The decision on whether to approve the Solicitors Qualifying Examination (SQE) has been delayed amid a call from groups representing more than 4,000 legal academics to reject it.
The Legal Services Board (LSB) had an initial 28 days to approve the Solicitors Regulation Authority’s (SRA) application but has extended the decision period to 90 days as permitted by the Legal Services Act 2007.
The board often does this when faced with major decisions. The extension notice said: “The SQE application represents a significant change of policy to the framework for admission as a solicitor in England and Wales that requires careful consideration by the LSB.
“It will be necessary for the LSB to make additional enquiries with the SRA so that the LSB may fully understand the impact of the proposed change for both consumers and the profession.”
The LSB now has until 28 October to make its decision – the test is whether there is a reason not to grant it.
Legal academics have been generally hostile to the SQE throughout its development, and the LSB has received a joint letter urging it not to approve the application from the Association of Critical Legal Scholars, the Association of Law Teachers, the Committee of Heads of University Law Schools, the Society of Legal Scholars and the Socio-Legal Studies Association. They have a combined membership of over 4,000.
The letter argued that the overhaul was not justified by “any significant evidence that the previous arrangements were endangering the interests of consumers or the public interest”, and was unlikely in practice to be significantly cheaper in real terms than the current regime.
The groups said that the SQE in itself, in the absence of requiring a qualifying law degree or graduate diploma in law (GDL), was “inadequate to provide sufficient protection for consumers and assurance to employers.
They criticised what they said was an underlying assumption that “the application of the law is a purely mechanical exercise of applying rules that are always clear”.
The letter explained: “A major deficiency in the proposed arrangements is that they are wholly inadequate to ensure that candidates demonstrate the understanding and skills needed to advise clients in those many and complex situations where the law is uncertain.
“This may be because of gaps or inconsistencies in case law or because statutes require interpretation. These are matters that require the deployment of considerable legal skills in analysing case law and interpreting legislation that go way beyond anything that can be tested in a multiple choice question [which is the format of the SQE].”
The academics said the published model SQE1 questions were entirely focused on issues where the law is clear – and, in the case of questions on the foundation subjects, “very basic”.
“The skills element originally proposed by the SRA for SQE1 has been dropped. The only element involving uncertainty in SQE2 is an exercise where the candidate has to peruse legal materials provided by the examiners and advise a client, an exercise labelled ‘research’ but in truth very limited.”
The letter said it seemed “clear” that a student who passed the SQE without having studied law at under- or postgraduate level “will be unlikely to find employment as a solicitor unless they can rely on personal contacts” – although no evidence was cited for this assertion.
It continued: “It is likely that most solicitors’ firms will require such study even if the SRA does not [according to a 2017 survey by BPP]. Accordingly, there is a hidden de facto hurdle in the way of entrants to the solicitors’ branch.”

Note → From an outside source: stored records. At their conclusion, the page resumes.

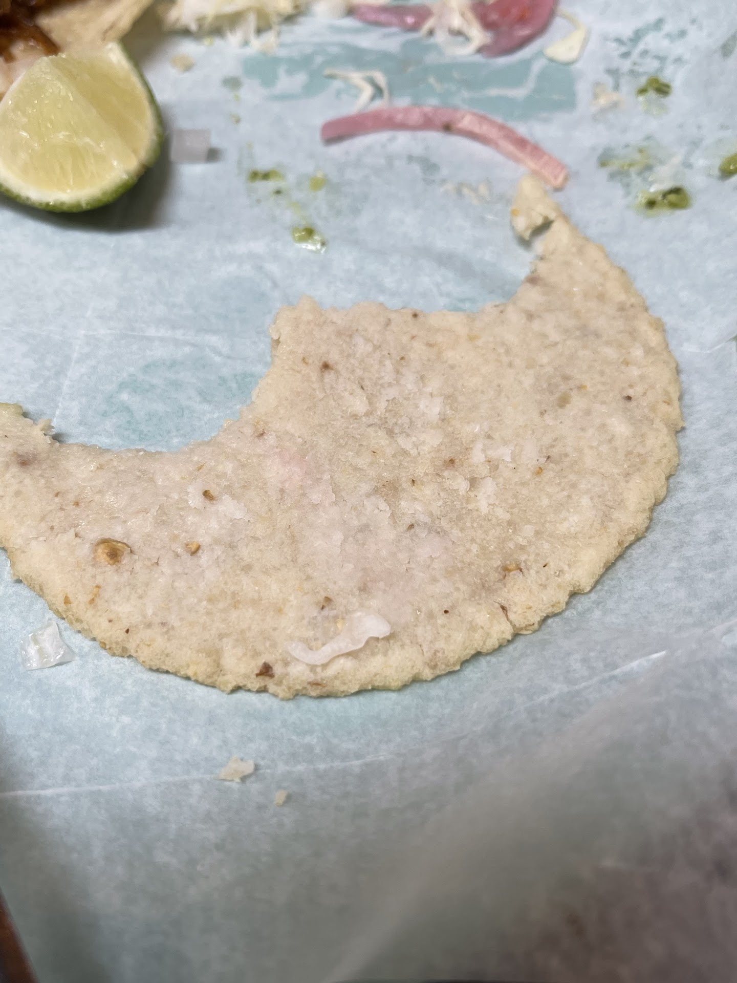 Read moreI was very excited to try this place out and I was more than disappointed. My boyfriend and I shared the beef, pork, and fish tacos. The fish and pork were decent, but the beef had 0 flavor, like it tasted like nothing, not even beef. But that wasn’t even the big issue. After taking a couple bites, I realized the tortilla has the WORST texture, like old peeling rubber. Upon inspection, I realized the tortillas were horribly soggy. Like it looked like wet dead foot skin when you get a pedicure and they scrape your dead skin off. It was that bad. I wasn’t ready to give up tho, so I asked the waitress for new tortillas because they were soggy (I made sure to say they were soggy so they could made sure they new ones weren’t soggy) well, we get the new ones and they’re the EXACT same, like they had just been run through a dishwasher. She came back and asked if they were better and I said, no not really but it’s fine we’ll just get our stuff to go. She just said okay and brought us our ticket. That was that, I was ready to pay and leave… UNTIL I saw the bill and they had the AUDACITY to charge us extra for the “extra” tortillas. That’s the main reason I was motivated to write this review, to warn others not only of their nasty tortillas, but also their extremely poor customer service. I have provided photos below. So imagine that, but WET...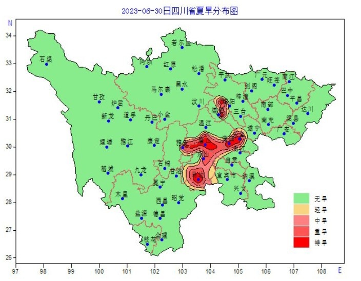2023年6月30日四川省夏旱分布图
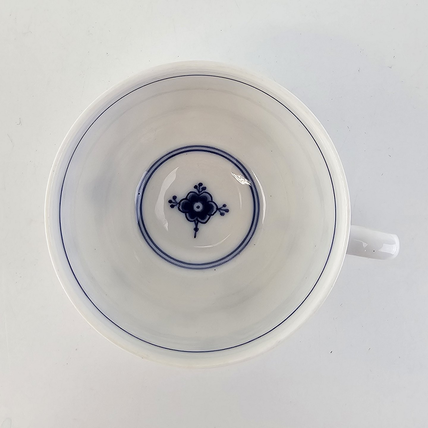 Kop og underkop i hvidt porcelæn fra stellet Musselmalet Riflet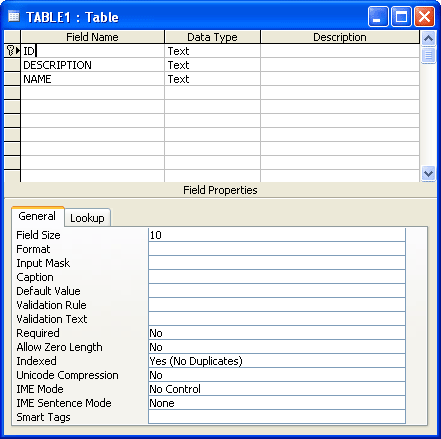 Download and open ODBCTutorialStart.bep. This is the starting point of this tutorial. The file is a simple BrightServer project, with TABLE1 copied from the ODBCTutorial.bsp application. The ODBCTutorial.mdb file is a Microsoft Access Database file, with the equivalent table definition, as well as 5 records.

The groups were also unhappy with the SRA’s recent decision that, following a pilot of SQE2, it will be a uniform exam, rather than allowing students electives.
“The existence of choice would have enabled candidates to focus in SQE2 on areas that reflected their qualifying work experience. This throws into sharp relief the point that, as is widely recognised, the list of the current regulated activities, and the fact that the status of solicitor entitles any or all to be undertaken, is anachronistic.
“There is an urgent need for these to be reformed, so as properly to reflect the realities of modern legal practice. Those realities are likely to be subject to further radical change as the result of the current pandemic.
“Quite apart from this, a complete lack of choice risks devaluing candidate experience and career plans, potentially prejudicing competent candidates and discouraging an appropriately professional focus on directly relevant matters.”
The groups described the SRA’s position on work experience as “incoherent” – though a requirement, “as the SRA is unwilling or unable to regulate it, it operates on a ‘time served’ basis that would have been recognised in the 19th century”.
The letter said “the sensible way forward” was instead first to retain the requirement for a qualifying law degree or GDL, and second secure the reform of the list of regulated activities “in the light of contemporary needs and restrict practice on an activity by activity basis to those who have demonstrated competence in that activity”.
Finally, the SRA could then “refocus a properly constructed centralised examination on the professional knowledge and activities beyond the foundation subjects… or engage with providers in developing a revised, probably slimmer, equivalent to the legal practice course, which can be developed in different forms to reflect modern forms of legal practice”.
In its letter to the LSB, the Law Society said it supported the SQE’s objectives of “ensuring consistent high standards and making the profession accessible to diverse candidates”.
But it urged the oversight regulator to “set expectations” for the SRA to ensure that the SQE does not negatively impact equality, diversity and inclusion in the profession.
This included the risk to social mobility because of the lack of funding available for the costs of the SQE assessments and for disabled students with the Disabled Students Allowance, although both the Law Society and SRA are lobbying government on this.